One of the presidential candidates getting people excited this time is Senator Elizabeth Warren. Here’s Charles Pierce of Esquire writing about her appearance at the Iowa State Fair on August 10th:

“Elizabeth Warren Is the Teacher All the Students Hope to Get in the Fall”

DES MOINES, IOWA—It is the little moments, the 40-second videos that pop up on the electric Twitter machine accounts of activists and campaign reporters, that give you a sense of the large, humming machine with which Senator Professor Warren thoroughly has wired her campaign into the state of Iowa, at least in the high summer of 2019.

Here she is at the state fair, talking to a crowd along one of the wide boulevards, the people who couldn’t find spots in the huge crowd that waited in stifling heat to hear her at the Des Moines Register‘s candidate soapbox out front, the way Bruce Springsteen turns around to play to the crowd sitting behind the stage. Here she is backstage at some event or another, greeting Senator Kamala Harris like an old college pal, a signifying moment between two powerful women who already share one of the iconic pictures of this campaign. She spends as much time talking to kids as she does to their parents, and she works the crowd like someone born to work the crowds at state fairs.

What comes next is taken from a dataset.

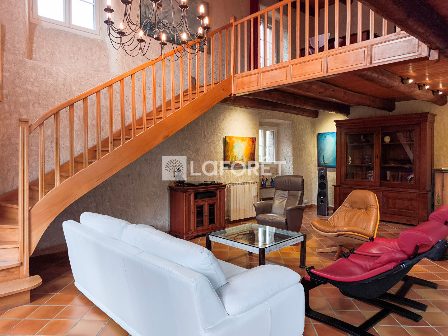 -Un salon/séjour « cathédrale » spacieux et lumineux, doté d'une magnifique cheminée avec un poêle à bois Jotul, idéal pour les moments en famille

These are the outward manifestations of what her campaign has put together out here…. She draws enormous crowds and enormous ovations from those crowds. People see her and holler, unbidden, “Big Structural Change!”—the tagline for all her now-famous syllabus of plans. They chant, “Two cents!”, the amount of each dollar over $50 million she proposes to tax to finance the implementation of those plans. (This is reminiscent of the night at the 2012 Democratic National Convention in Charlotte, when the crowd chanted, “Consumer Finance Protection Bureau,” at her, which was not an easy thing to chant.) And, in the polls, she can’t be said to have had a “moment” yet, but her rise has been steady, easing fears that she might be peaking too soon. She is now a solid second to Joe Biden, and it is still only August of 2019.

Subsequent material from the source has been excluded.